• **Problem to solve**
Pictures stay out of this copy, which runs from the first line of the material through the line containing "2. Если поблизости".

• **Given data**
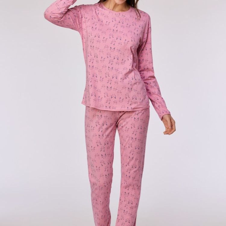252-10-PZG-Z/923Roze pyjama van soepel katoen. De pyjama is volledig bedrukt met een kattenprint, zowel op het bovenstuk als op de broek. Verkrijgbaar in de maten 0m-XXL. Voor de maten 0m-8y is er een sluiting in de rug voorzien.
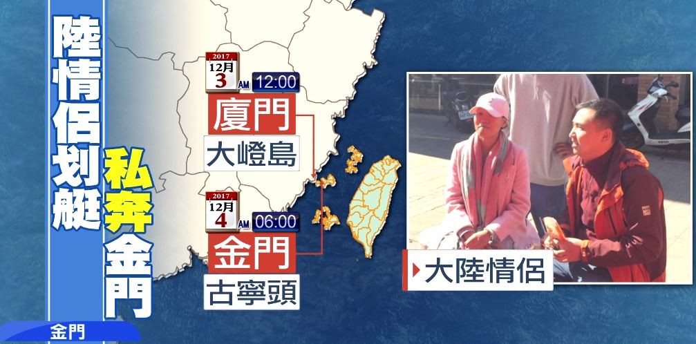 經海巡人員初步訊問了解,2名陸籍人士是情侶,於3日凌晨1時許自廈門大嶝島出發,沿途海象惡劣,划橡皮艇6小時候後接近金門島嶼,於是利用海上蚵架攀附上岸,想偷渡到金門地區謀生。
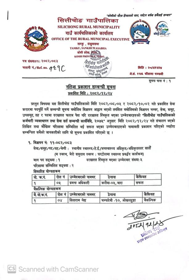 नतिजा प्रकाशन गरिएको सम्बन्धमा
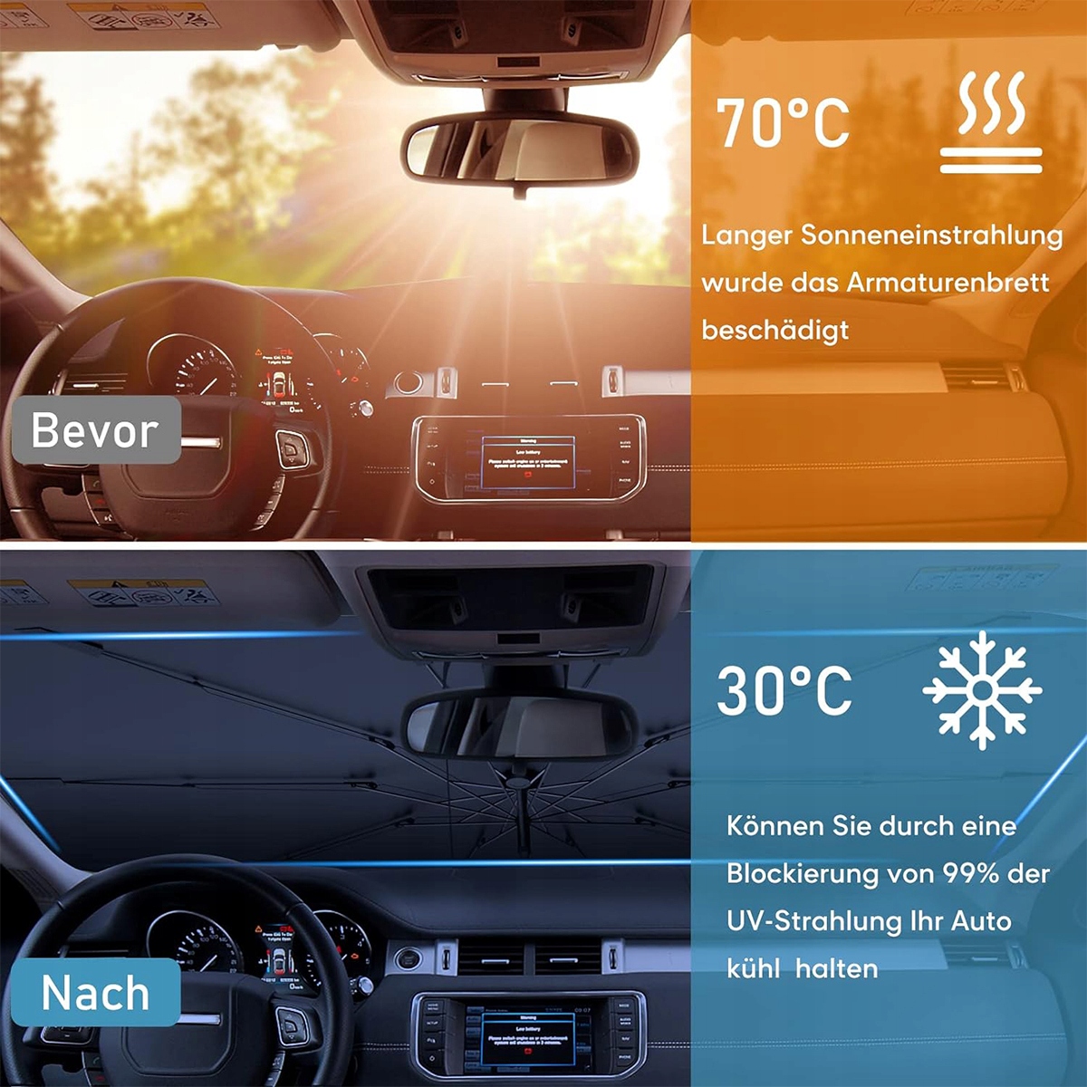 ✅ 【Усовершенствованная защита от солнца и тепла】 Благодаря наноткани ледяных кристаллов и отражающим композитным материалам UPF 50+ этот автомобильный солнцезащитный козырек эффективно блокирует четыре источника тепла: ультрафиолетовые лучи, инфракрасные лучи, солнечный спектр и тепловое излучение. Он защищает сиденья и приборную панель от растрескивания под воздействием солнечных лучей, а также создает интимную атмосферу в салоне.
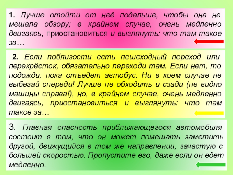 2. Если поблизости есть пешеходный переход или перекрёсток, обязательно переходи там. Если нет, то подожди, пока отъедет автобус. Ни в коем случае не выбегай спереди! Лучше не обходить и сзади (не видно машины справа!), но, в крайнем случае, очень медленно двигаясь, приостановиться и выглянуть: что там такое за…
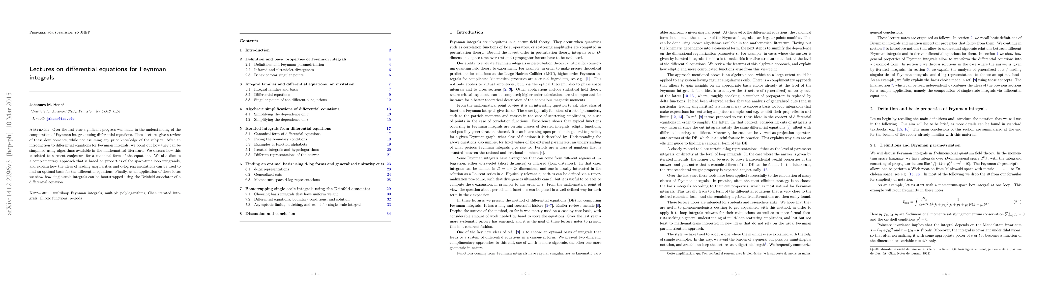 Over the last year significant progress was made in the understanding of the computation of Feynman integrals using differential equations. These lectures give a review of these developments, while not assuming any prior knowledge of the subject. After an introduction to differential equations for Feynman integrals, we point out how they can be simplified using algorithms available in the mathematical literature. We discuss how this is related to a recent conjecture for a canonical form of the equations. We also discuss a complementary approach that allows based on properties of the space-time loop integrands, and explain how the ideas of leading singularities and d-log representations can be used to find an optimal basis for the differential equations. Finally, as an application of the differential equations method we show how single-scale integrals can be bootstrapped using the Drinfeld associator of a differential equation.
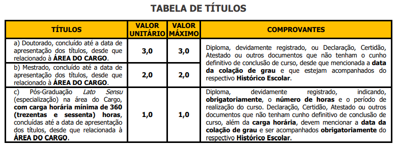 A pontuação da documentação de Títulos se limitará ao valor de 6,0 (seis) pontos.

• **Response area**
252-10-PZG-Z/923Roze pyjama van soepel katoen. De pyjama is volledig bedrukt met een kattenprint, zowel op het bovenstuk als op de broek. Verkrijgbaar in de maten 0m-XXL. Voor de maten 0m-8y is er een sluiting in de rug voorzien.
 經海巡人員初步訊問了解,2名陸籍人士是情侶,於3日凌晨1時許自廈門大嶝島出發,沿途海象惡劣,划橡皮艇6小時候後接近金門島嶼,於是利用海上蚵架攀附上岸,想偷渡到金門地區謀生。
 नतिजा प्रकाशन गरिएको सम्बन्धमा
 ✅ 【Усовершенствованная защита от солнца и тепла】 Благодаря наноткани ледяных кристаллов и отражающим композитным материалам UPF 50+ этот автомобильный солнцезащитный козырек эффективно блокирует четыре источника тепла: ультрафиолетовые лучи, инфракрасные лучи, солнечный спектр и тепловое излучение. Он защищает сиденья и приборную панель от растрескивания под воздействием солнечных лучей, а также создает интимную атмосферу в салоне.
 2. Если поблизости есть пешеходный переход или перекрёсток, обязательно переходи там. Если нет, то подожди, пока отъедет автобус. Ни в коем случае не выбегай спереди! Лучше не обходить и сзади (не видно машины справа!), но, в крайнем случае, очень медленно двигаясь, приостановиться и выглянуть: что там такое за…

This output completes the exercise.